Data excerpts |
+ + + + + + +
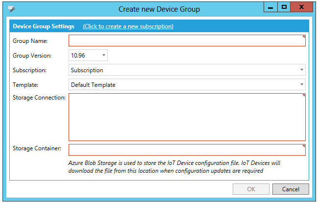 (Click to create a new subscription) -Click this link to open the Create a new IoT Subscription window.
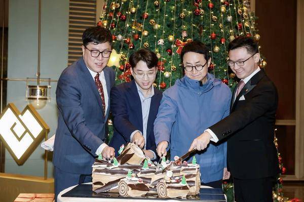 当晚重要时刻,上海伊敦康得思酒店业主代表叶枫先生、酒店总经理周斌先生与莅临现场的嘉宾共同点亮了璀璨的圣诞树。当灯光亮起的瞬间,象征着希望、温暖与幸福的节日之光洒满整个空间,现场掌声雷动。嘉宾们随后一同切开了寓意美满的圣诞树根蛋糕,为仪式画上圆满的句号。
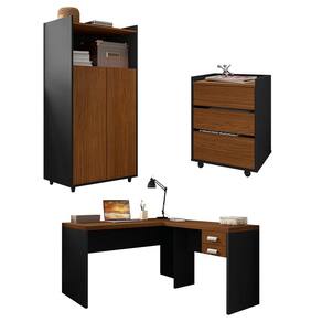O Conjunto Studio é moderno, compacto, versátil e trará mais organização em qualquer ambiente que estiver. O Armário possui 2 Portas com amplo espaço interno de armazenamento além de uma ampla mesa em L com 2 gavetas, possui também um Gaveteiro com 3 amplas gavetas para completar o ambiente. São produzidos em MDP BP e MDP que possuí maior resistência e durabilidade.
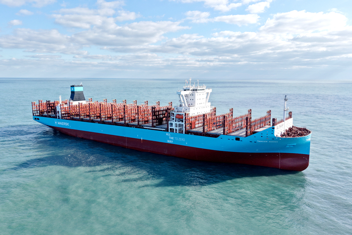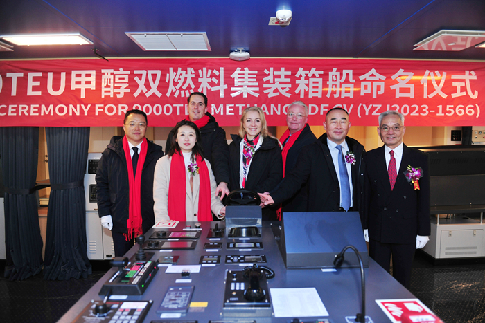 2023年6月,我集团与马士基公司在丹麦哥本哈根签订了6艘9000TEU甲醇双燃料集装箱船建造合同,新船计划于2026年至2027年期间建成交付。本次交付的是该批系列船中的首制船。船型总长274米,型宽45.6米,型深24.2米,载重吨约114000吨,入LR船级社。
+ + + + + + +
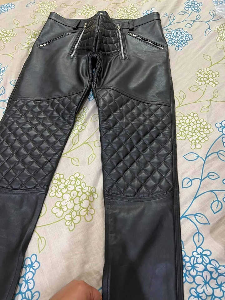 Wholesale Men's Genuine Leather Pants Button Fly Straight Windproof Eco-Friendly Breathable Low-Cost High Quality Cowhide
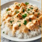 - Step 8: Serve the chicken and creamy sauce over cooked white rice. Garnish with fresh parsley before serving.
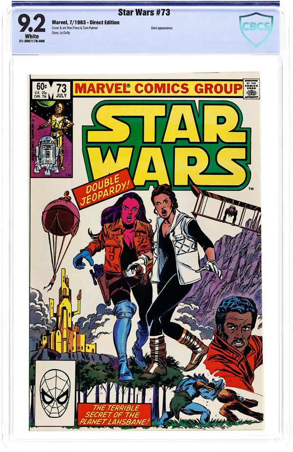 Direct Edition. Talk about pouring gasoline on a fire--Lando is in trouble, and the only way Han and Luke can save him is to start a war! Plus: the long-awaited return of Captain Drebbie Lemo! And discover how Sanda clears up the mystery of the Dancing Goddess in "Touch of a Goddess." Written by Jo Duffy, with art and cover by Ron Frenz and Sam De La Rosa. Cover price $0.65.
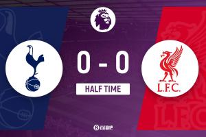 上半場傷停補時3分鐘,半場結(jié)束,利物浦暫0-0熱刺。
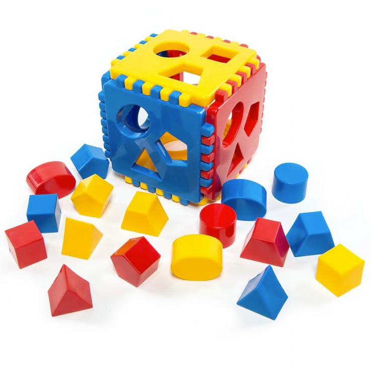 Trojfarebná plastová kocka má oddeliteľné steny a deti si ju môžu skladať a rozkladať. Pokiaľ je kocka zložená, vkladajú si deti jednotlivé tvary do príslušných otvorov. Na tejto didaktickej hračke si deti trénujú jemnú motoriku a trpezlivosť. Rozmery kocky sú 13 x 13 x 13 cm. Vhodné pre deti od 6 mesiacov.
+ + + + + + +
What the task requires | Given the listing above, repeat exactly the lines starting at the one with "(Click to create" and ending at the one with "当晚重要时刻,上海伊敦康得思", inclusive, excluding pictures.

Task output |
 (Click to create a new subscription) -Click this link to open the Create a new IoT Subscription window.
 当晚重要时刻,上海伊敦康得思酒店业主代表叶枫先生、酒店总经理周斌先生与莅临现场的嘉宾共同点亮了璀璨的圣诞树。当灯光亮起的瞬间,象征着希望、温暖与幸福的节日之光洒满整个空间,现场掌声雷动。嘉宾们随后一同切开了寓意美满的圣诞树根蛋糕,为仪式画上圆满的句号。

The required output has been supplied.